All tests provided are characterized by the development of low-intensity deformations up to the yield point as the load increases. At the creep limit, the intensity of deformations increases significantly, and the circumference of the specimens increases in the process. The formation of a larger surface area leads to a decrease in the intensity of the deformation and apparent strengthening. If the new diameter is taken into account, this strengthening is practically absent, and the improved soil actually behaves like a liquid (Figure 10).

In the plate load test, the improved soil behaved similarly. On the graph S = f(q) (q—pressure), two segments can be separated, the first 0 to 120 kPa and the second 12 to 320 kPa. In both sections, there is a linear relationship between the pressure q and the settlement S.

In the first section, the size of the initial deformation at the load level is 0.1 to 0.2 mm. The creep index K (mm), which characterizes the intensity of the deformations, is determined by the following formula:

K = S₆₀ − S₂₀/lg (60–20)

which is relatively small—0.3 to 0.37 mm. S is the subsidence at the 60th and 20th minutes.

After reaching the creep limit, the initial deformations increased significantly from 2.5 to 3.2 mm, almost 10 times, and the creep index increased from 1.12 to 2.5 mm, almost 4 to 8 times. In the first section of the test, the deformation modulus calculated on the basis of test data was 13 MPa, and the deformation modulus considering time was 7 MPa. At pressures exceeding the yield strength, these numbers are 1.5 MPa and 0.5 MPa.

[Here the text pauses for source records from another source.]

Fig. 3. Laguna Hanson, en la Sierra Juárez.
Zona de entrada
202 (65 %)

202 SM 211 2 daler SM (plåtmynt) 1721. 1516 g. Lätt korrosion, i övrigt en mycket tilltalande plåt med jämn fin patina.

The average shear strength of the undrained unconsolidated improved soil calculated based on the results was 0.087 MPa. However, the creep limit value of 135 kPa calculated by L. Jürgenson’s formula [19] is somewhat higher than the 120 kPa determined by the plate load test.

$$q_Y=\pi · c_u$$

$q_Y$—creep limit value.

$c_u$—undrained shear strength of soil.

5. Conclusions

Using kukersite oil shale ash to stabilize peat soils has been largely unsuccessful in studies published so far. However, the current study shows that excellent results can be achieved when the chemistry of the process is altered. For this purpose, two changes are necessary:

First, the pH of the mixture must be raised to over 13 to allow the retarding influence of humic acids to be eliminated.

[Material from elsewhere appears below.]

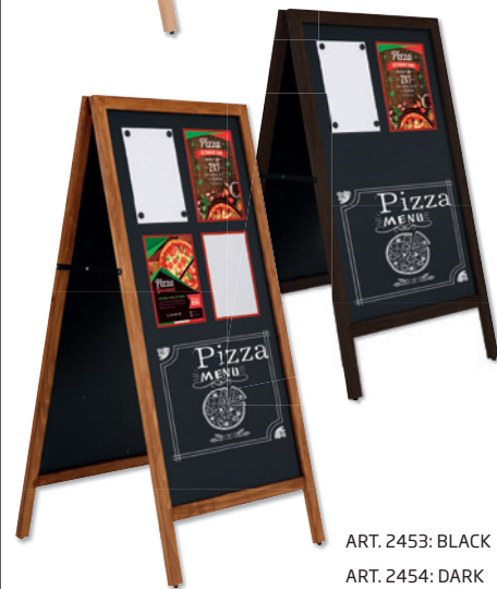
ART. 2453: BLACK ART. 2454: DARK
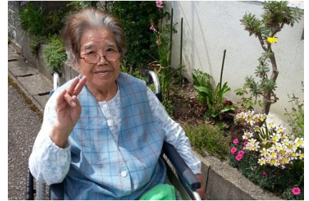
外の空気は やはり気持ちいいですね 思わずピース(^o^)

Second, pozzolanic agents must be added to form the C–S–H phase which binds the organic fibers together and allows the organic fibers to function as a reinforcement.

Based on an experiment and tests, it can be said that the strength of the test embankment material is sufficient up to pressures of 100 kPa, and the arrangements accompanying its loading do not pose a threat to transport. The load-bearing capacity can be increased by using a geotextile, but this needs to be evaluated with corresponding plate load tests.

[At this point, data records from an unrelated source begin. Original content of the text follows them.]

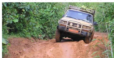
Geschüttelt – nicht gerührt...
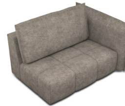
B150R (154 cm x 96 cm x 121 cm)
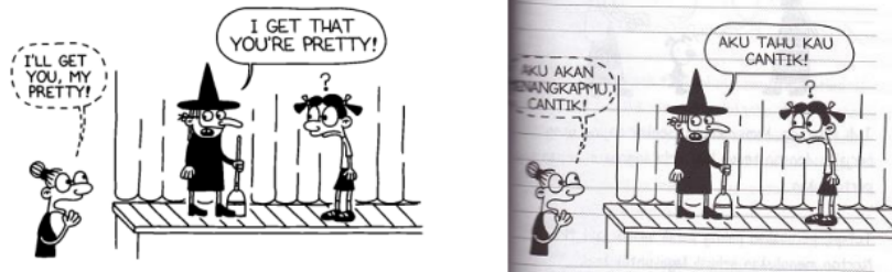
Gambar 2. Versi asli dan terjemahan dari kartun permainan kata

In any case, the achieved compression strength is sufficient for building roads with a moderate load capacity, such as roads serving natural reserves or military objects. The building costs of such roads are several times lower than those using traditional methods. For full-scale applications, a machine with a continuous mode of operation must be constructed. A matter of importance is also the significantly lower environmental impact of this method; the water regime of peat soils remains presumably unchanged, thus preventing GHG emissions and reducing negative impacts on biodiversity in comparison with traditional mass-stabilization methods. The tests were planned to be carried out sequentially in order to reach a satisfactory result with a minimum amount of time, labor, and material consumption. Each subsequent series of tests was based on the previous series, on the basis of which a limited number of test samples were selected for further studies; therefore, the results cannot be summarized.